Robert McKinley

Personal information
- Full name: George Kenneth Robert McKinley
- Born: 3 November 1993 (age 32) Larne, Northern Ireland
- Batting: Right-handed
- Bowling: Right-arm medium

Domestic team information
- 2014–present: Northern Knights
- 2015: Loughborough MCCU
- FC debut: 2 April 2015 Loughborough MCCU v Hampshire
- LA debut: 29 May 2017 Northern v North West

Career statistics
| Competition | FC | LA | T20 |
| Matches | 5 | 3 | 3 |
| Runs scored | 130 | 27 | 2 |
| Batting average | 21.66 | – | 2.00 |
| 100s/50s | 0/0 | 0/0 | 0/0 |
| Top score | 43* | 27* | 2 |
| Balls bowled | 462 | 102 | 48 |
| Wickets | 9 | 2 | 3 |
| Bowling average | 42.22 | 42.00 | 15.00 |
| 5 wickets in innings | 0 | 0 | 0 |
| 10 wickets in match | 0 | 0 | 0 |
| Best bowling | 3/67 | 1/27 | 3/18 |
| Catches/stumpings | 1/– | 0/– | 2/– |
- Source: CricketArchive, 6 October 2017

= Robert McKinley (cricketer) =

Irish cricketer (born 1993)

George Kenneth Robert McKinley (born 3 November 1993) is a cricketer from Larne, Northern Ireland, who has played at Larne Grammar School, Larne town and Ballymena, then at first-class level for Loughborough MCC University.
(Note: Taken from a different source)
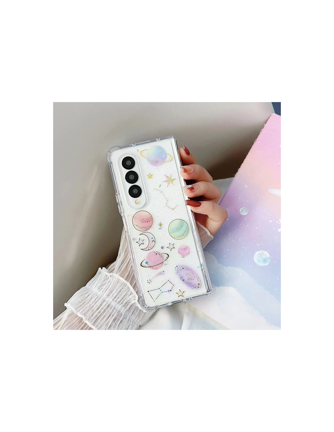 La cover Galaxy Z Fold4 in TPU trasparente con glitter stelle cosmiche è la scelta perfetta per chi desidera proteggere il proprio smartphone mantenendo visibile il design originale. Realizzata in materiale TPU di qualità, offre una protezione affidabile dagli urti e dalle cadute.
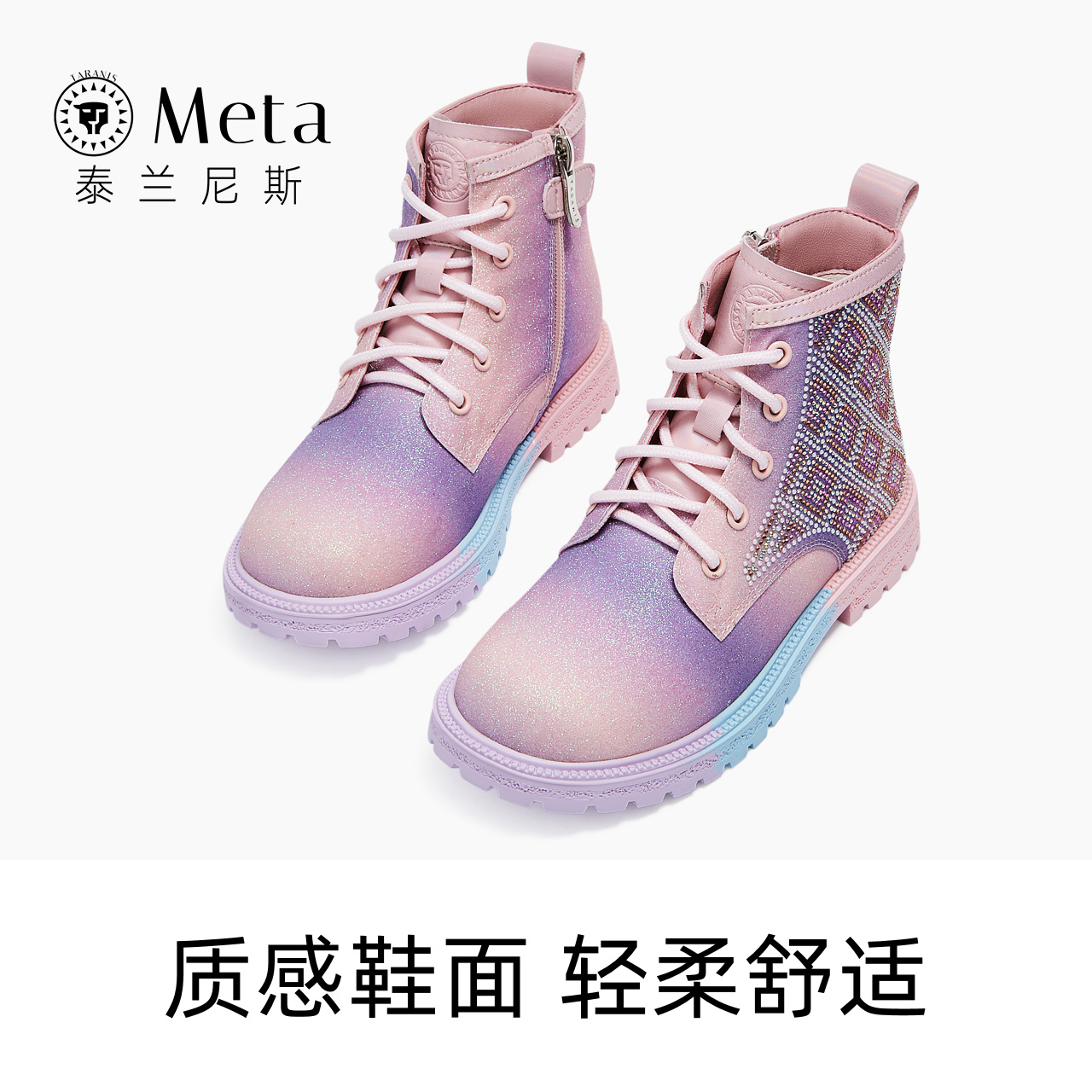 泰兰尼斯meta女童亲子靴马丁靴秋冬季新款彩色靴子中大童软底短靴

He debuted for them during the 2015 English season, having earlier played for the Ireland national under-19 side.

He made his List A debut for Northern Knights in the 2017 Inter-Provincial Cup on 29 May 2017. He made his Twenty20 debut for Northern Knights in the 2017 Inter-Provincial Trophy on 16 June 2017.